Sadly there isn't much room for Easter Eggs in the modern professional IT
industry since software is constantly being attacked (it's hard enough keeping
documented features secure!). Which is why these days most Easter Eggs tend to
be hidden away online[1][2]

[1] [http://konamicodesites.com/](http://konamicodesites.com/) (↑↑↓↓←→←→BA)

[2]
[https://en.wikipedia.org/wiki/List_of_Google_hoaxes_and_east...](https://en.wikipedia.org/wiki/List_of_Google_hoaxes_and_easter_eggs)

------
GurnB
You would think this type of device would be a FireWire 800 connection not
USB.

------
userbinator
It's more likely that whoever wrote the driver and used the default package
didn't even notice the icon - after all, it's a keyboard driver - it should
just work when it's plugged in.

------
JonnieCache
Microsoft is slowly catching up with BSD...
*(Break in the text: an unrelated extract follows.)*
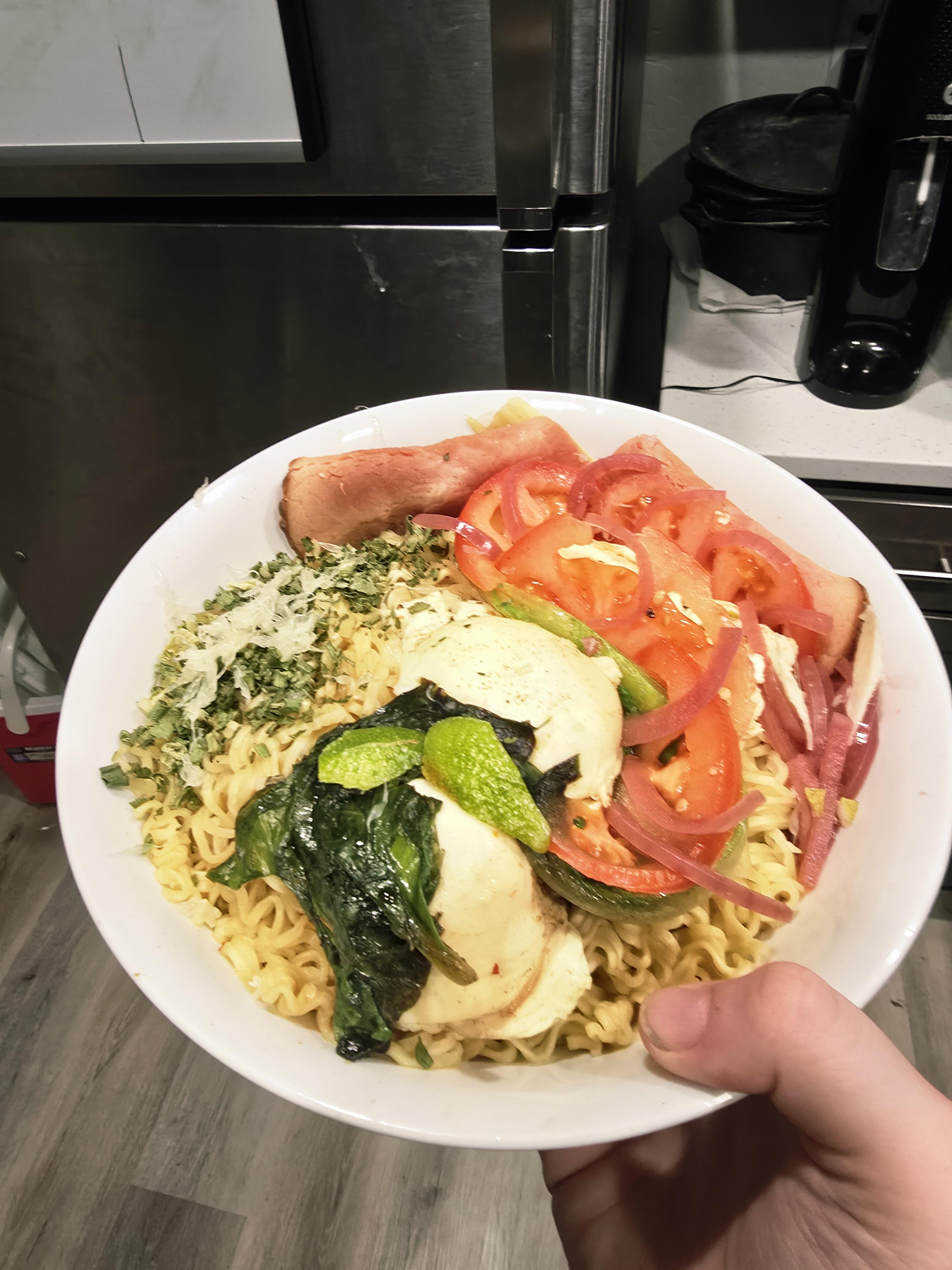 I'm not entirely sure if this belongs here, but here's a pic of my ramen before I poured in the broth. The only thing that significantly changed after the broth was the eyes, since they float. The pickled onions were a bit strong for the dish lol.

[http://www.embeddedarm.com/software/arm-netbsd-
toaster.php](http://www.embeddedarm.com/software/arm-netbsd-toaster.php)

------
tempodox
Your keyboard was probably recycled from a USB toaster for Windows.

------
tim333
Maybe it's this toaster
[http://www.bbc.co.uk/blogs/legacy/bbcinternet/2009/04/bbc_ip...](http://www.bbc.co.uk/blogs/legacy/bbcinternet/2009/04/bbc_iplayer_now_available_on_a.html)

------
NAFV_P
All toasters are equal, but some toasters are more equal than others:

[http://reddwarf.wikia.com/wiki/Talkie_Toaster](http://reddwarf.wikia.com/wiki/Talkie_Toaster)

------
mariusz79
Cylons are people too, you know.. No need for name calling.

------
tragic
Welcome to the glorious new age of the internet of things!

------
esquivalience
I guess it looks like a did-not-test error... but I'd like to think this was a
deliberate decision to exploit already-embedded artwork.

------
tegeek
Have you tested what we're shipping this evening?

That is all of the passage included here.